Rev. Edward White of England, Dr. E. Petavel of France, and Dr. Lyman Abbott of America, have denied what Dr. Abbott is pleased to call facultative immortality. Immortality, in their esteem, is an importation from without. It is the claim of Locke, and Hume, and Mill, and Spencer, that knowledge is an importation from the realm of sensation. Their war was upon the knowing faculties. From the domain of philosophy the conflict has passed up to the plane of religion, and we now have the attack made upon the self-determining spirit. In the sensational philosophy, we have seen all things dissolved. It not only makes it impossible to rationally believe in God, but also in mind, and self, and external world. The sensational philosophy got the object of knowledge by a process that destroyed the subject of knowledge, so this irrational theory of Dr. Lyman Abbot would secure the object of life by the destruction of the subject of life. We know that the raw material of knowledge is found in the objective world, but unless the mind has the inherent combining, active power to take this raw material and organize it into an orderly system, then the individual can never know anything. There being in the mind no master of ceremonies, no director and referee, the tramp and vagabond sensations may wander in and wander out at their sweet will. They would come in with their own opinions and go out with their own opinions. There being no head of the house within, the tramps could have it all their own way.
Knowledge, beginning out of the mind, would have its cause and end out of the mind. Beginning with matter, knowledge could be resolved back into matter.
We believe the life in which the human spirit is to realize its nature fully and harmoniously was embodied in Jesus Christ, who was the word made flesh.

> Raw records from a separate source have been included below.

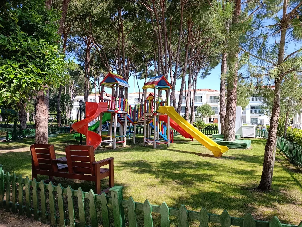 Рядом расположены отдельная детская площадка – с мягчайшим газоном и в густой тени сосен. Тоже только для гостей номеров Jasmine. И рядом с ней – хороший теннисный корт.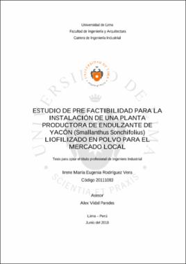 Estudio de pre factibilidad para la instalación de una planta productora de endulzante de yacón (Smallanthus Sonchifolius) liofilizado en polvo para el mercado local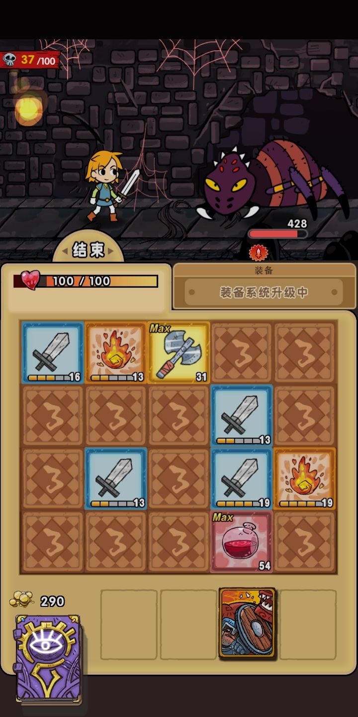 第一次玩就通了两周目,感觉真的没什么难度,套路就这么多。打法很简单,就是翻牌等回合升级,等级满了就用,等级不高且没法杀死怪就过。道具就那么几个有用的,一个是升满牌的技能,一个是吸血,还有一个是翻牌,其他道具性价比都太低,没用。这游戏就是打怪,挣钱,买道具,更简单地怪,挣钱,然后打boss。没啥其他内容比如额外时间啥的,太无聊。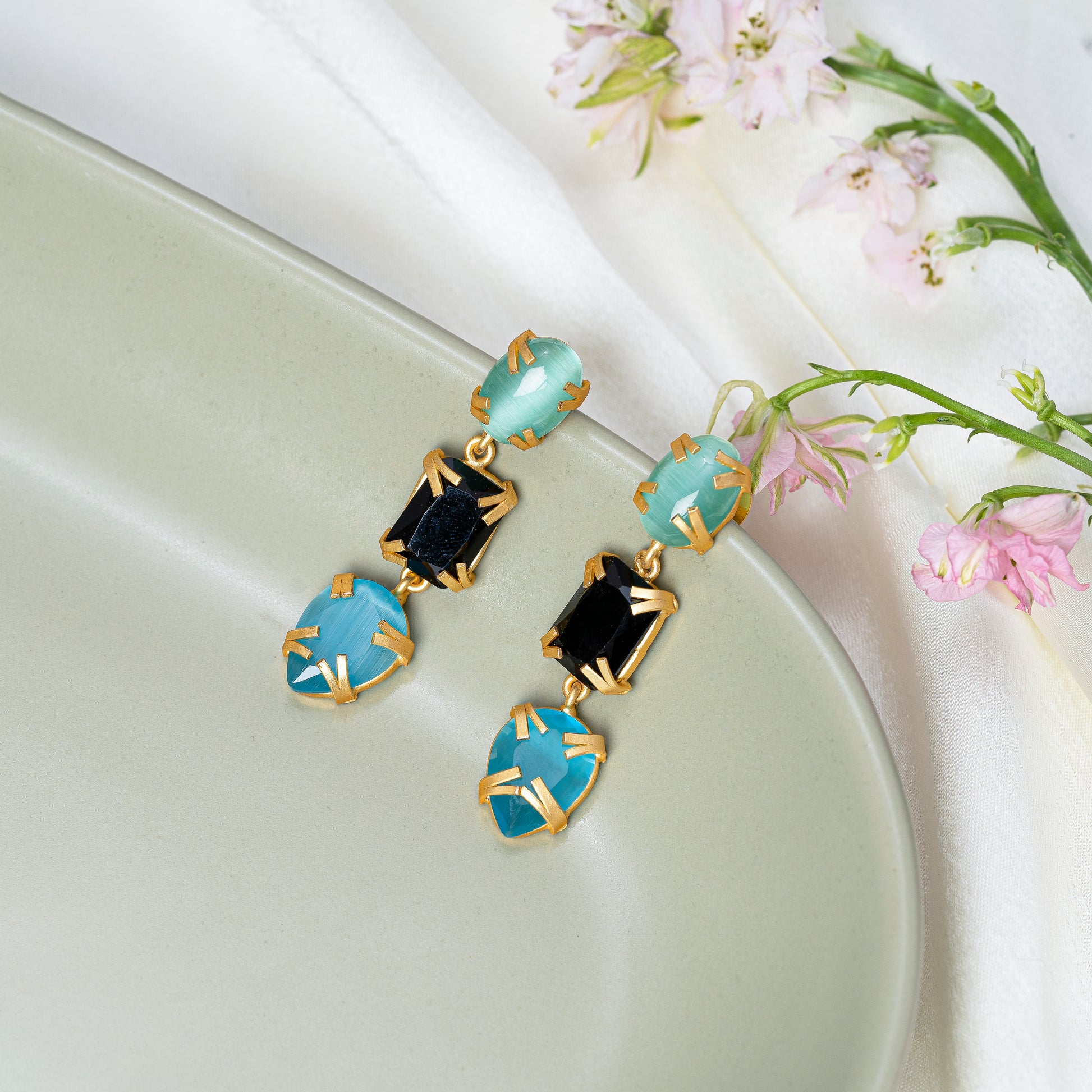 The Blake earrings are an absolute stunner featuring multicolored stones.This chic design can go with almost everything.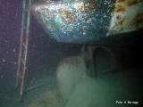Due sono i modi per trovarlo, la discesa lungo una catena che parte quasi dalla riva ed è stesa lungo il declivio del fondale, oppure una discesa in verticale lungo una cima che “cade” vicino alla prua dello scafo, per poter fruire della seconda soluzione però bisogna farsi una nuotata in superficie fino ad una boa di colore blu che dalla riva si nota appena; noi optiamo per questa seconda alternativa poiché scendendo lungo il fondale rischieremmo di alzare un po’ di sospensione a causa del sedimento molto leggero che lo compone, con il risultato che poi ci cadrebbe con tutta probabilità proprio sul relitto rovinando così la possibilità di fare qualche scatto….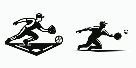 A Baseball fielder ground ball. Sports Activity Playing Game Athlete Competition Clipart Line Art Vector Illustration. catching batted on the infield during.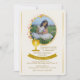 A light sand-coloured invitation with a delicate floral wreath photo window. The card also features a gold communion cup with a cross and a gold banner for the name. (<a href="https://www.freepik.com/free-photos-vectors/background">Background vector created by freepik - www.freepik.com</a>). (Pix). The card is easy to customise with your wording, font, font colour and choice of six paper types.<br/><br/>Not exactly what you're looking for? All our products can be custom designed to meet your needs at no extra charge.<br/><br/>Simply contact us at askcottonlamb@gmail.com<br/><br/>Coordinating products available: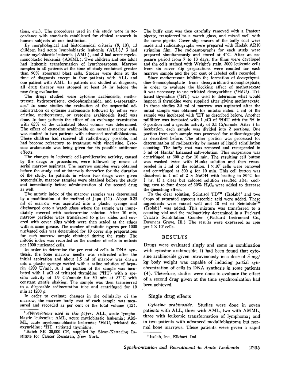 The in vivo effects of several chemotherapeutic agents on the mitotic cycle of leukemic blasts in the bone marrow were evaluated by serial measurements of cells in mitosis and in deoxyribonucleic acid (DNA) synthesis as indicated by ability to incorporate tritiated thymidine or tritiated deoxyuridine. 28 studies were done in 23 children and 1 adult. The changes in the marrow after a single injection of L-asparaginase, hydrocortisone, cyclophosphamide, cytosine arabinoside, methotrexate, and an exchange transfusion (62% of the total blood volume) were evaluated. L-asparaginase and hydrocortisone were found to arrest the entry of cells into the S period. Cyclophosphamide appeared to inhibit DNA synthesis, arrest cells in mitosis, and inhibit the entry of cells into the S period. Cytosine arabinoside, and methotrexate inhibited DNA synthesis. During the period of time the cells were inhibited in the S phase by these two drugs, cells continued to enter the S period. Thus partial synchronization was achieved after these two drugs. An exchange transfusion had no consistent effect on the mitotic cycle, but partial synchronization in the S period was seen in one patient.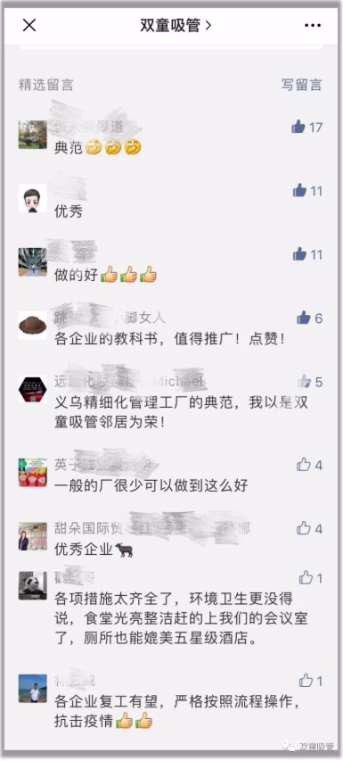 此篇文章發(fā)布后不僅引發(fā)了社會(huì )極大關(guān)注,很多企業(yè)也紛紛聯(lián)系吸管妞想借鑒“雙童”的復工文件進(jìn)行參考?;诟鞔笃髽I(yè)的需求,“雙童”復工防疫流程文件包將對企業(yè)進(jìn)行免費分享!快添加吸管妞微信免費領(lǐng)取吧!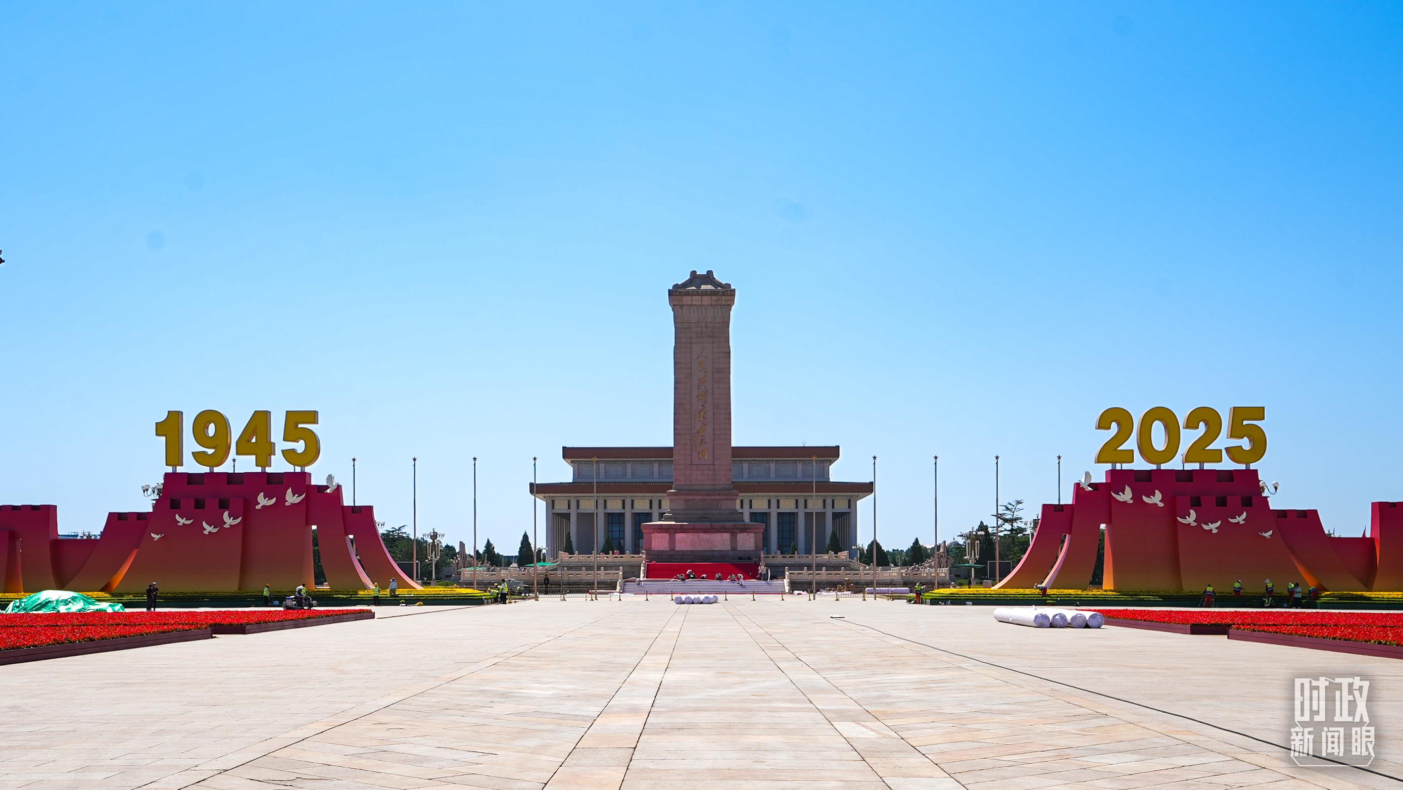 △即將迎來(lái)紀(jì)念中國(guó)人民抗日戰(zhàn)爭(zhēng)暨世界反法西斯戰(zhàn)爭(zhēng)勝利80周年大會(huì)的天安門(mén)廣場(chǎng)。(總臺(tái)央視記者范鑫拍攝)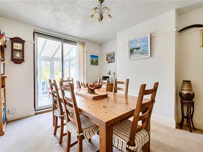 The accommodation is arranged over two levels, and briefly comprises; entrance hall, bay-fronted sitting room, extended kitchen, dining room, conservatory, three bedrooms and the family bathroom.

But it is because the spirit of man is essentially indestructible, that it has power to take hold of this life and assimilate it. If it refuses this divine embodiment of life, it brings disorder, and confusion, and everlasting sorrow to itself, but not destruction. The self-determining spirit is in its structure and constitution up to the style of life offered it in the Son of Man and the Son of God. In finding the life that was in Christ, it finds its own life, and enters the path of everlasting progress.